REVIOUS to the year 1886 Formosa was treated by the Chinese Government as a portion of the Fuhkien province, and the Viceroy of Foochow, its capital, governed the island as a fu, or prefecture, visiting this dependency once and sometimes twice a year. These visits were very agreeable and remunerative to the Viceroy, as his subordinate officials in Formosa never failed on these occasions to offer him their tribute of sycee and valuable goods, for which the poor people were taxed and "squeezed" heavily.

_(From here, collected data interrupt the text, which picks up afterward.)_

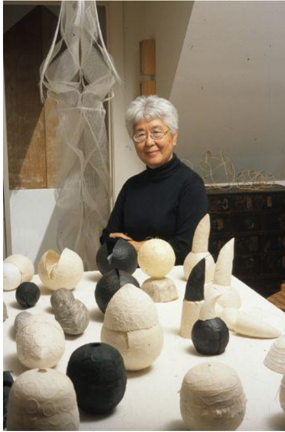
Kay Sekimachi (b. 1926– )
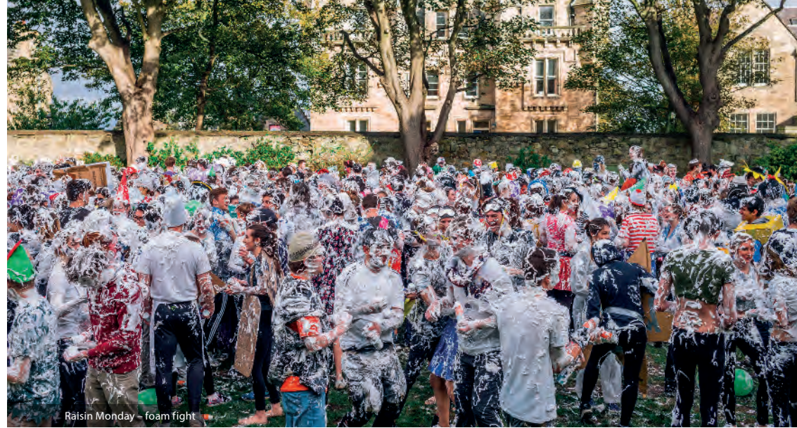
Raisin Monday – foam fight
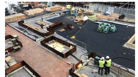
Floradrain® FD 40-E is the core element of the build-up. It was laid out under all green areas providing the plants with optimal water/air balance.
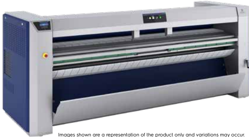
Images shown are a representation of the product only and variations may occur.
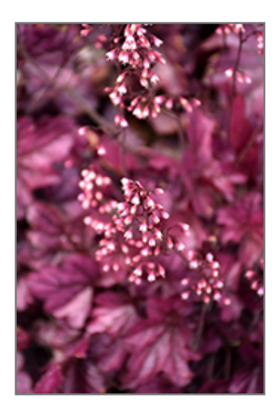
Wild Rose Coral Bells flowers

Wild Rose Coral Bells is a fine choice for the garden, but it is also a good selection for planting in outdoor pots and containers. With its upright habit of growth, it is best suited for use as a 'thriller' in the 'spiller-thriller-filler' container combination; plant it near the center of the pot, surrounded by smaller plants and those that spill over the edges. Note that when growing plants in outdoor containers and baskets, they may require more frequent waterings than they would in the yard or garden.
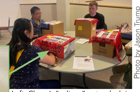
Left: Chaco's "eclipse" petroglyph in thermoform tactile art. Other tactiles include NASA & <u>HAO images</u>.

During the Franco-Chinese difficulty in 1884-85, Formosa was invested by the French, who repeatedly tried to effect a landing in Tamsui and Keelung, the former place being most gallantly and ably defended by the Chinese General Liu-ming Chuan, who baffled the invaders, and four years later was appointed to the Governorship of Formosa. For seven eventful years in the annals of that island he fulfilled with commendable energy this high and responsible office, to the entire approval of all, foreigners and Chinese-especially those interested in the progress of Western civilization and the advancement of its industries in the "Celestial Empire."

He did an immense deal of good in developing the resources of this island and encouraged foreign intercourse, adopting its modes and inventions, and soon had the railway laid from Tamsui to Keelung, a distance of twenty-seven miles, extending across the northern end of the island east and west, at a cost of £500 per mile. Another line has recently been constructed from Twatutia to the southern extremity of the island, a distance of 250 miles.